WHAT YOU SHOULD DO: Repeat verbatim, and only, the lines of the data below, beginning at the line that contains "COTOPHER 60pcs Wedding" and stopping after the line that contains "W zestawie: narożnik".

DATA FOR PROCESSING:
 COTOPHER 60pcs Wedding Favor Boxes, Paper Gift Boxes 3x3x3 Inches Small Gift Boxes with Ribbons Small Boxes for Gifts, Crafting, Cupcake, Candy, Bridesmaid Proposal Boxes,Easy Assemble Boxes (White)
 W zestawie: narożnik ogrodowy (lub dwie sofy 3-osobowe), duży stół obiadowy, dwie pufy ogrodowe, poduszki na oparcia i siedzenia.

* * *

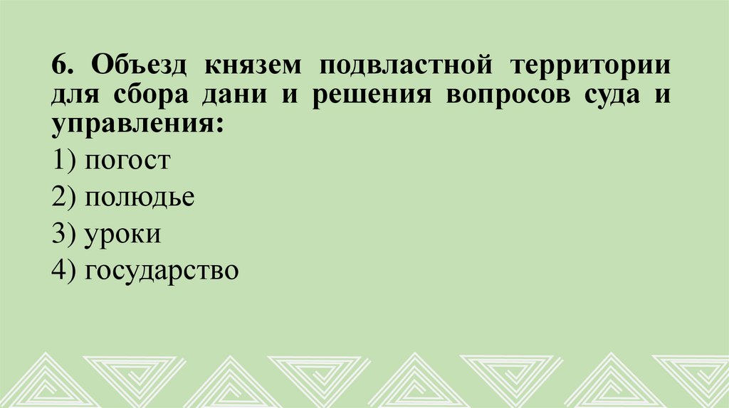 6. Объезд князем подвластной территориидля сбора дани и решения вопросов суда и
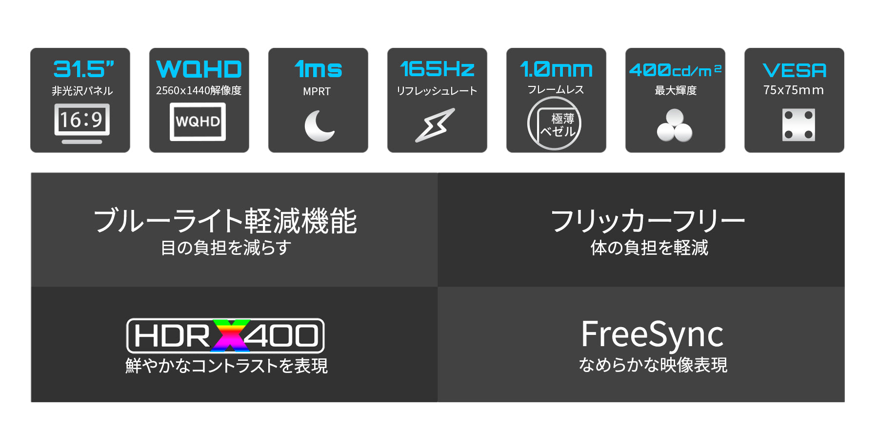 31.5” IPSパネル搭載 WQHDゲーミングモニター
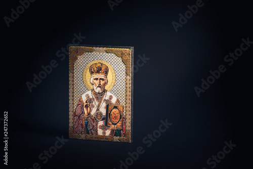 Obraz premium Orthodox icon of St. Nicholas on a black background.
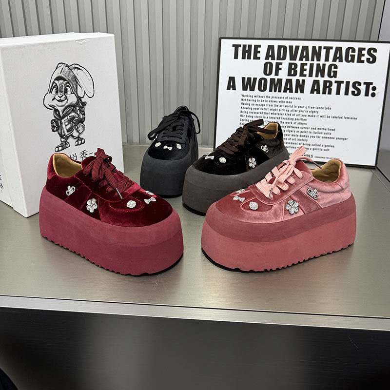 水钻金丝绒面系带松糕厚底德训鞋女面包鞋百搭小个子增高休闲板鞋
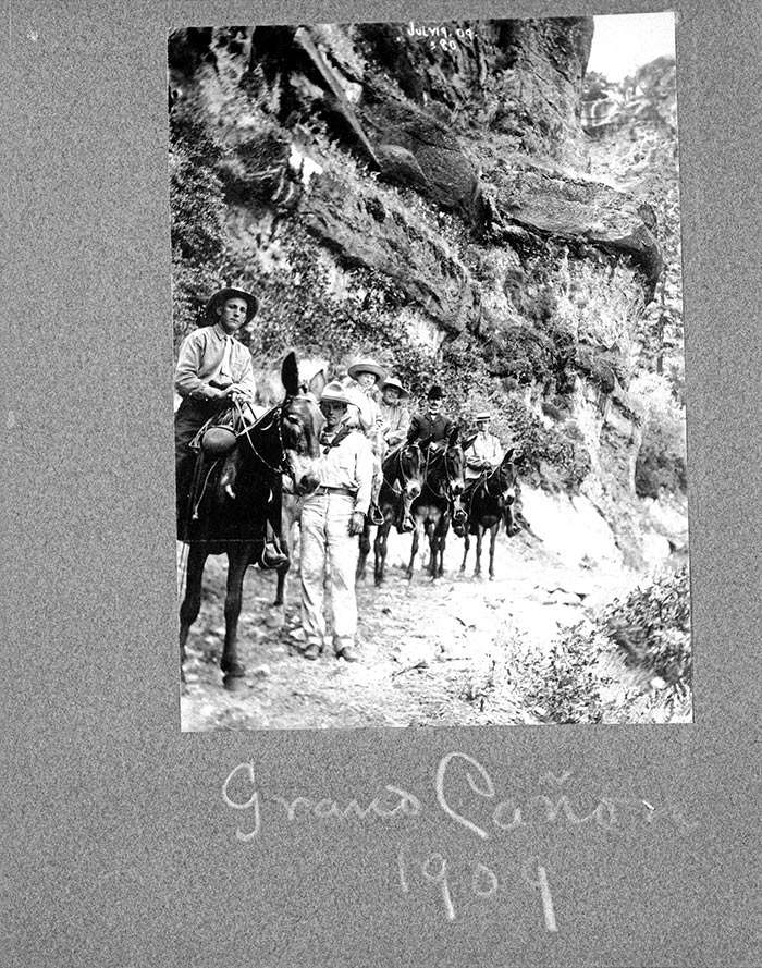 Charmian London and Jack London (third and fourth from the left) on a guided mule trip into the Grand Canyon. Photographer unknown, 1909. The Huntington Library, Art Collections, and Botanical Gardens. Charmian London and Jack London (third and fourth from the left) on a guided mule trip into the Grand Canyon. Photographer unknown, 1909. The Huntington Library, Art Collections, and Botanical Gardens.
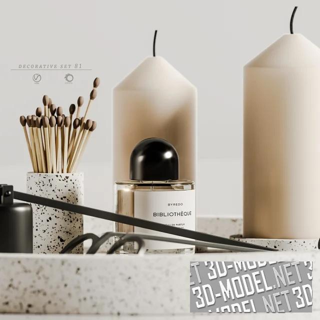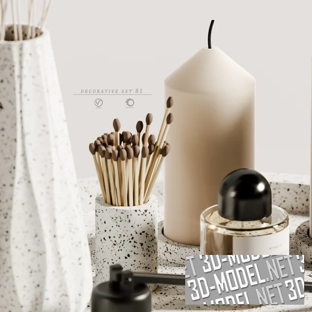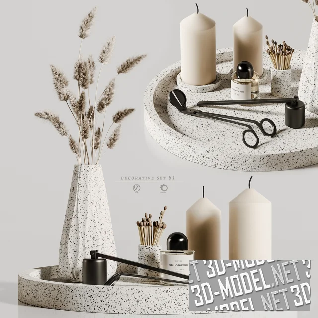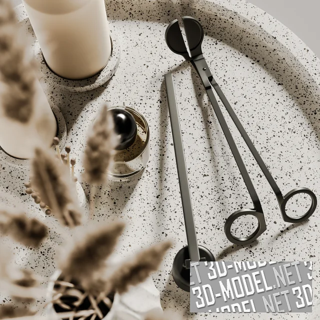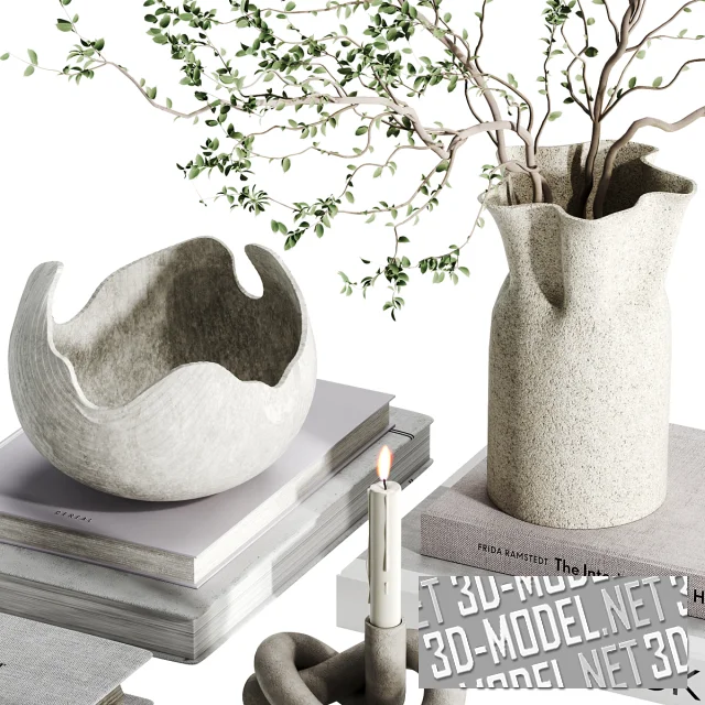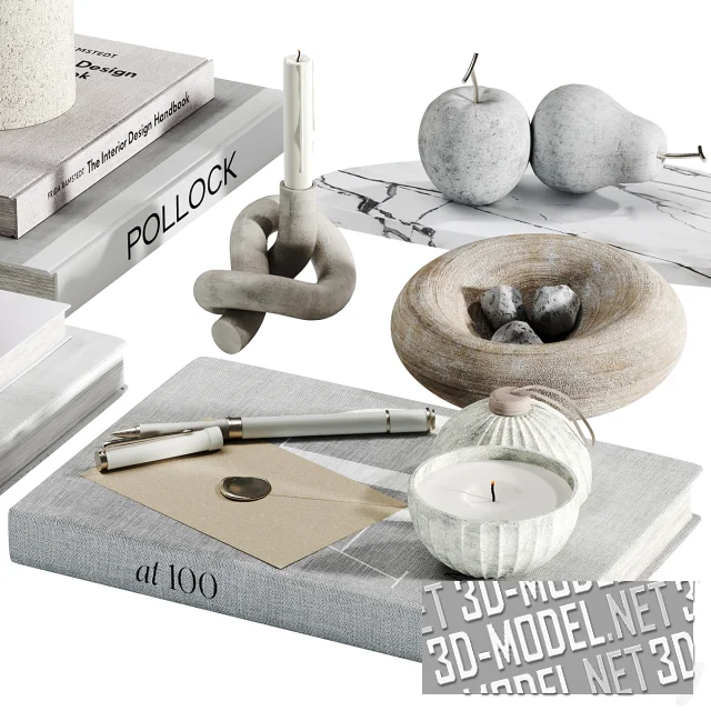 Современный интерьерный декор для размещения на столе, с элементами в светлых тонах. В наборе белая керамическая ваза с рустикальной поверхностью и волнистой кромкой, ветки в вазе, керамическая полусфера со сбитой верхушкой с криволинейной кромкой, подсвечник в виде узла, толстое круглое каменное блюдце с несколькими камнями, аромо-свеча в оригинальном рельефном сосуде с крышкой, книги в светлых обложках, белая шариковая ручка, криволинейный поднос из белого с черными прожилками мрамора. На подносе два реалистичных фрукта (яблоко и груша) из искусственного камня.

SOLUTION BELOW:
 COTOPHER 60pcs Wedding Favor Boxes, Paper Gift Boxes 3x3x3 Inches Small Gift Boxes with Ribbons Small Boxes for Gifts, Crafting, Cupcake, Candy, Bridesmaid Proposal Boxes,Easy Assemble Boxes (White)
 W zestawie: narożnik ogrodowy (lub dwie sofy 3-osobowe), duży stół obiadowy, dwie pufy ogrodowe, poduszki na oparcia i siedzenia.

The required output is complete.